**** The data

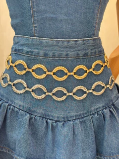Um clássico repaginado com brilho e sofisticação. O Cinto Nanda aposta em elos ovais com textura metálica que capturam a luz e valorizam a silhueta com leveza. Disponível em dourado/prateado, é o acessório ideal para elevar looks casuais ou complementar produções noturnas com muito estilo.
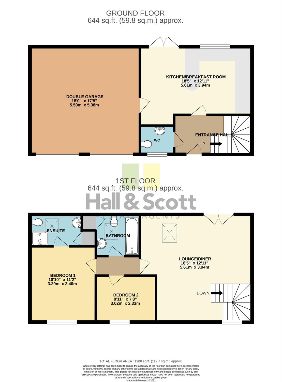 To the ground floor is an entrance hall, cloakroom and large kitchen/breakfast room with double doors leading out to the garden. From the hallway there are stairs leading to the first floor where there is a lounge/diner with Juliet balcony, master bedroom with ensuite, second bedroom and bathroom.
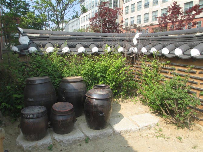 在仁川大学校园里看到的,富有韩国风情的民宅及景观一角,摆放着许多的泡菜坛。
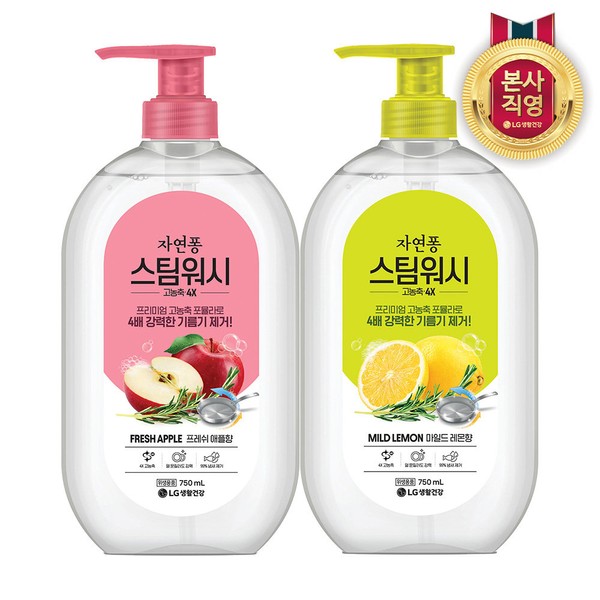 Jayeonpong Steam Wash Container 750mlx2, Choose 1 of Lemon/Apple, Apple / 자연퐁 스팀워시 용기 750mlx2개 레몬/애플 중 택1, 애플

********

*About this exercise*
Would you reproduce the lines above exactly, without carrying over the pictures?

*Solution for this problem*
Um clássico repaginado com brilho e sofisticação. O Cinto Nanda aposta em elos ovais com textura metálica que capturam a luz e valorizam a silhueta com leveza. Disponível em dourado/prateado, é o acessório ideal para elevar looks casuais ou complementar produções noturnas com muito estilo.
 To the ground floor is an entrance hall, cloakroom and large kitchen/breakfast room with double doors leading out to the garden. From the hallway there are stairs leading to the first floor where there is a lounge/diner with Juliet balcony, master bedroom with ensuite, second bedroom and bathroom.
 在仁川大学校园里看到的,富有韩国风情的民宅及景观一角,摆放着许多的泡菜坛。
 Jayeonpong Steam Wash Container 750mlx2, Choose 1 of Lemon/Apple, Apple / 자연퐁 스팀워시 용기 750mlx2개 레몬/애플 중 택1, 애플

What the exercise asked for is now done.